When you compute geometry on the CPU and draw it with OpenGL, data has to travel from system RAM to GPU VRAM over PCIe every frame. For a large mesh updated every frame, that transfer becomes the bottleneck. The math is fast. The bus is slow.
CUDA-OpenGL interop removes that transfer. A CUDA kernel writes directly into an OpenGL buffer object while it lives in GPU memory. OpenGL then reads from the same memory. No round-trip through the CPU. No copy.
The Four Steps
Interop follows a strict protocol every frame. Always in this order:
- Register the OpenGL buffer with CUDA (done once at init)
- Map the resource to give CUDA exclusive access
- Get a device pointer into the buffer that your kernel can write to
- Unmap to return the buffer back to OpenGL
When the buffer is mapped, OpenGL must not use it. When it is unmapped, CUDA must not touch it. Violating this is undefined behavior.
Step 1: Register
Create a normal OpenGL VBO, then register it with CUDA. This is a one-time call at initialization:
glGenBuffers(1, &vbo);
glBindBuffer(GL_ARRAY_BUFFER, vbo);
glBufferData(GL_ARRAY_BUFFER, bufferSize, NULL, GL_DYNAMIC_DRAW);
glBindBuffer(GL_ARRAY_BUFFER, 0);
struct cudaGraphicsResource *cuResource;
cudaGraphicsGLRegisterBuffer(&cuResource, vbo, cudaGraphicsMapFlagsWriteDiscard);
cudaGraphicsMapFlagsWriteDiscard is a hint that tells CUDA the kernel will overwrite the entire buffer, so there is no need to preserve its previous contents. This allows the driver to skip any synchronization needed to maintain coherency with the old data. Use it when your kernel recomputes everything each frame.
Step 2: Map
Before launching your kernel each frame, map the resource. This hands ownership to CUDA and blocks OpenGL from reading it until you unmap:
cudaGraphicsMapResources(1, &cuResource, 0);
The second argument is the count of resources to map, and the third is an optional CUDA stream. Passing 0 uses the default stream.
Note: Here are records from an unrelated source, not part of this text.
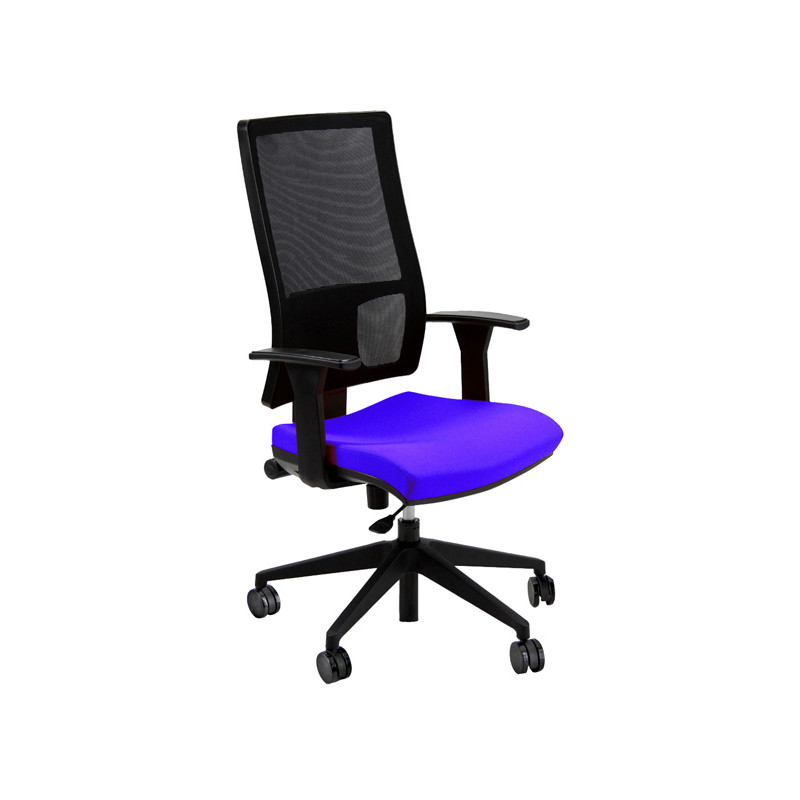 Seduta operativa girevole - elevazione a gas - meccanismo Syncro - 4 blocchi anti shock - meccanismo a contatto permanente - regolazione schienale up-down. Rivestimento seduta in tessuto "ECO- Eco" 100% polipropilene. Completa di braccioli regolabli. Alt.tot.: 110-122cm; Prof.tot.: 68cm; Alt.schienale: 61cm; Larg.schienale: 45cm; Larg.seduta: 50cm; Prof.Sedile: 46cm; Alt. sedile: 42-54cm.
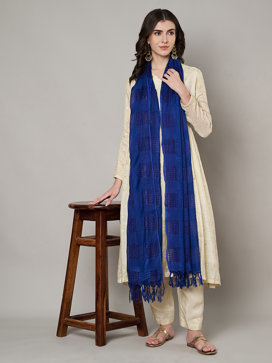 This cotton dupatta is not only stylish but also durable. It is easy to wash, quick to dry, and retains its shape and texture even after repeated use. The woven self-design remains intact, ensuring long-lasting beauty.
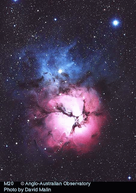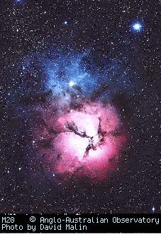 In this AAT photograph the red emission and blue reflection nebula parts of the Trifid Nebula are prominent. This image is a 3-color composit obtained from black and white pictures taken with different emulsions and filters.
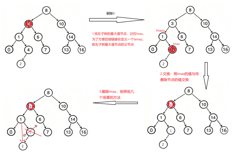 解决方案:替换法(博主选择 “左子树最大值节点” 作为替换节点,也可选择 “右子树最小值节点”):
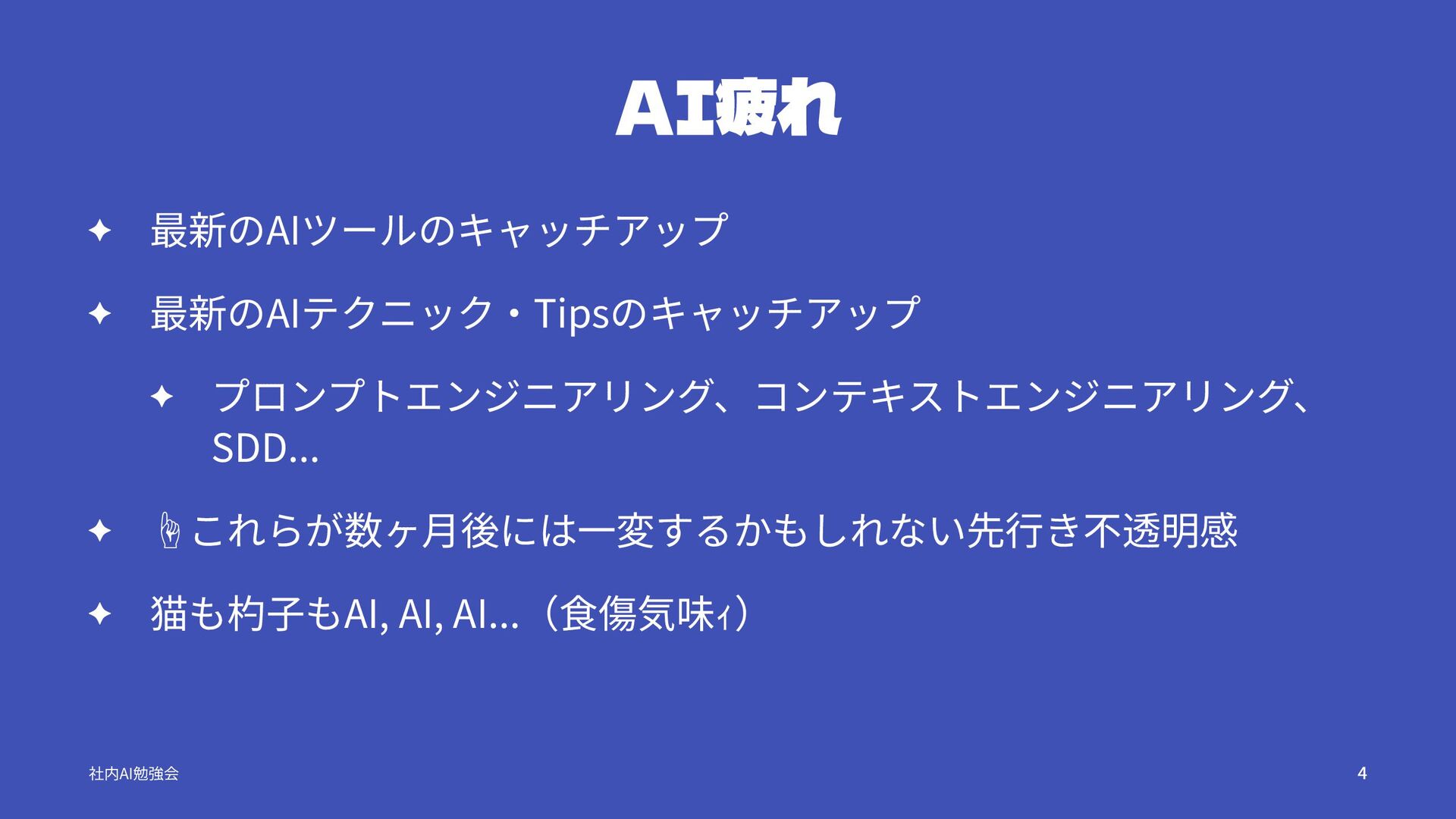 AI疲れ ✦ 最新のAIツールのキャッチアップ ✦ 最新のAIテクニック‧Tipsのキャッチアップ ✦ プロンプトエンジニアリング、コンテキストエンジニアリング、 SDD... ✦ ☝これらが数ヶ⽉後には⼀変するかもしれない先⾏き不透明感

Step 3: Get a Device Pointer
Once mapped, ask for a raw pointer into the buffer's GPU memory:
float4 *devPtr = NULL;
size_t mappedSize = 0;
cudaGraphicsResourceGetMappedPointer((void**)&devPtr, &mappedSize, cuResource);
devPtr now addresses GPU memory that belongs to the VBO. Pass it to your kernel like any other device pointer. Whatever the kernel writes there, OpenGL will see after you unmap.
Step 4: Unmap and Draw
After the kernel finishes, unmap to return the buffer to OpenGL, then draw as normal:
cudaGraphicsUnmapResources(1, &cuResource, 0);
glBindBuffer(GL_ARRAY_BUFFER, vbo);
glVertexAttribPointer(ATTRIB_POSITION, 4, GL_FLOAT, GL_FALSE, 0, NULL);
glEnableVertexAttribArray(ATTRIB_POSITION);
glDrawArrays(GL_POINTS, 0, vertexCount);
The VBO that OpenGL binds is the same one CUDA just wrote into. No upload happened.
Cleanup
On shutdown, unregister the resource before deleting the buffer:
cudaGraphicsUnregisterResource(cuResource);
glDeleteBuffers(1, &vbo);
Deleting a VBO that is still registered with CUDA is undefined behavior. Always unregister first.
When It Is Worth It
Interop pays off when a large GPU buffer is updated every frame by a computation that parallelizes well across thousands of threads. Particle systems, fluid and wave surfaces, physics-driven meshes. If the buffer is small, or updated rarely, the overhead of registration and the map/unmap calls each frame is not worth it. The benefit is proportional to how much data you would otherwise be transferring.